Explain the concept of a stack frame in a nutshell

A stack frame is a frame of data that gets pushed onto the stack. In the case of a call stack, a stack frame would represent a function call and its argument data.

If I remember correctly, the function return address is pushed onto the stack first, then the arguments and space for local variables. Together, they make the "frame," although this is likely architecture-dependent. The processor knows how many bytes are in each frame and moves the stack pointer accordingly as frames are pushed and popped off the stack.

EDIT:

There is a big difference between higher-level call stacks and the processor's call stack.

When we talk about a processor's call stack, we are talking about working with addresses and values at the byte/word level in assembly or machine code. There are "call stacks" when talking about higher-level languages, but they are a debugging/runtime tool managed by the runtime environment so that you can log what went wrong with your program (at a high level). At this level, things like line numbers and method and class names are often known. By the time the processor gets the code, it has absolutely no concept of these things.

How exactly does the callstack work?

The call stack could also be called a frame stack.

The things that are stacked after the LIFO principle are not the local variables but the entire stack frames ("calls") of the functions being called. The local variables are pushed and popped together with those frames in the so-called function prologue and epilogue, respectively.

Inside the frame the order of the variables is completely unspecified; Compilers "reorder" the positions of local variables inside a frame appropriately to optimize their alignment so the processor can fetch them as quickly as possible. The crucial fact is that the offset of the variables relative to some fixed address is constant throughout the lifetime of the frame - so it suffices to take an anchor address, say, the address of the frame itself, and work with offsets of that address to the variables. Such an anchor address is actually contained in the so-called base or frame pointer which is stored in the EBP register.
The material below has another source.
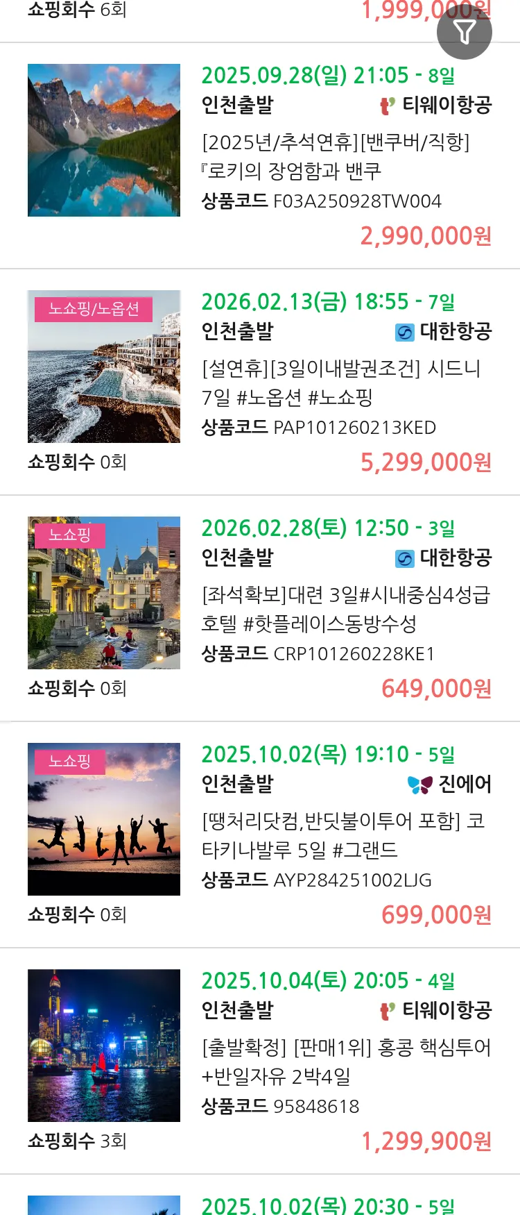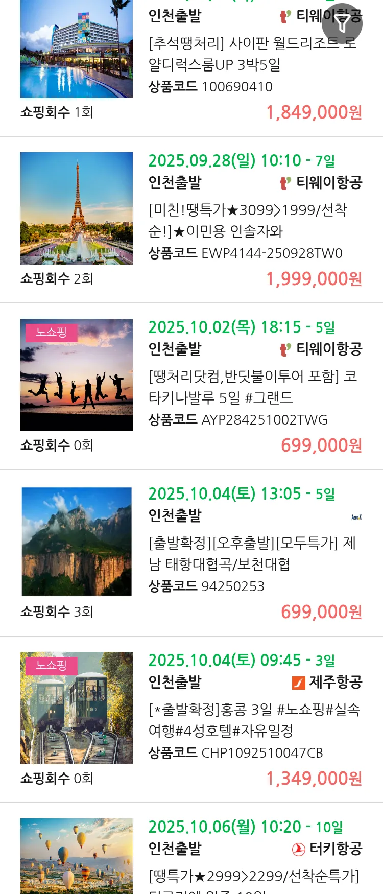 (9월 24일(수)) 땡처리 99.9% 확정 패키지

The offsets, on the other hand, are clearly known at compile time and are therefore hardcoded into the machine code.

This graphic from Wikipedia shows what the typical call stack is structured like¹:

Picture of a stack

Add the offset of a variable we want to access to the address contained in the frame pointer and we get the address of our variable. So shortly said, the code just accesses them directly via constant compile-time offsets from the base pointer; It's simple pointer arithmetic.

Example

#include <iostream>

int main()
{
    char c = std::cin.get();
    std::cout << c;
}

gcc.godbolt.org gives us

main:
    pushq   %rbp
    movq    %rsp, %rbp
    subq    $16, %rsp

    movl    std::cin, %edi
    call    std::basic_istream<char, std::char_traits<char> >::get()
    movb    %al, -1(%rbp)
    movsbl  -1(%rbp), %eax
    movl    %eax, %esi
    movl    std::cout, %edi
    call    [... the insertion operator for char, long thing... ]

    movl    $0, %eax
    leave
    ret

.. for main. I divided the code into three subsections.
The function prologue consists of the first three operations:

Base pointer is pushed onto the stack.
The stack pointer is saved in the base pointer
The stack pointer is subtracted to make room for local variables.
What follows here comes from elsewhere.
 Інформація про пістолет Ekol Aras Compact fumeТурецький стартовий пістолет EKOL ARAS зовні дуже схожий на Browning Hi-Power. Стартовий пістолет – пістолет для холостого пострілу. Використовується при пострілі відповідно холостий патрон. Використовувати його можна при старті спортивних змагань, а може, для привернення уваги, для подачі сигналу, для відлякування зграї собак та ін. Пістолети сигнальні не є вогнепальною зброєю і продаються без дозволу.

Then cin is moved into the EDI register² and get is called; The return value is in EAX.

So far so good. Now the interesting thing happens:

The low-order byte of EAX, designated by the 8-bit register AL, is taken and stored in the byte right after the base pointer: That is -1(%rbp), the offset of the base pointer is -1. This byte is our variable c. The offset is negative because the stack grows downwards on x86. The next operation stores c in EAX: EAX is moved to ESI, cout is moved to EDI and then the insertion operator is called with cout and c being the arguments.

Finally,

The return value of main is stored in EAX: 0. That is because of the implicit return statement.
You might also see xorl rax rax instead of movl.
leave and return to the call site. leave is abbreviating this epilogue and implicitly
- Replaces the stack pointer with the base pointer and
- Pops the base pointer.

After this operation and ret have been performed, the frame has effectively been popped, although the caller still has to clean up the arguments as we're using the cdecl calling convention. Other conventions, e.g. stdcall, require the callee to tidy up, e.g. by passing the amount of bytes to ret.

Frame Pointer Omission

It is also possible not to use offsets from the base/frame pointer but from the stack pointer (ESB) instead. This makes the EBP-register that would otherwise contain the frame pointer value available for arbitrary use - but it can make debugging impossible on some machines, and will be implicitly turned off for some functions. It is particularly useful when compiling for processors with only few registers, including x86.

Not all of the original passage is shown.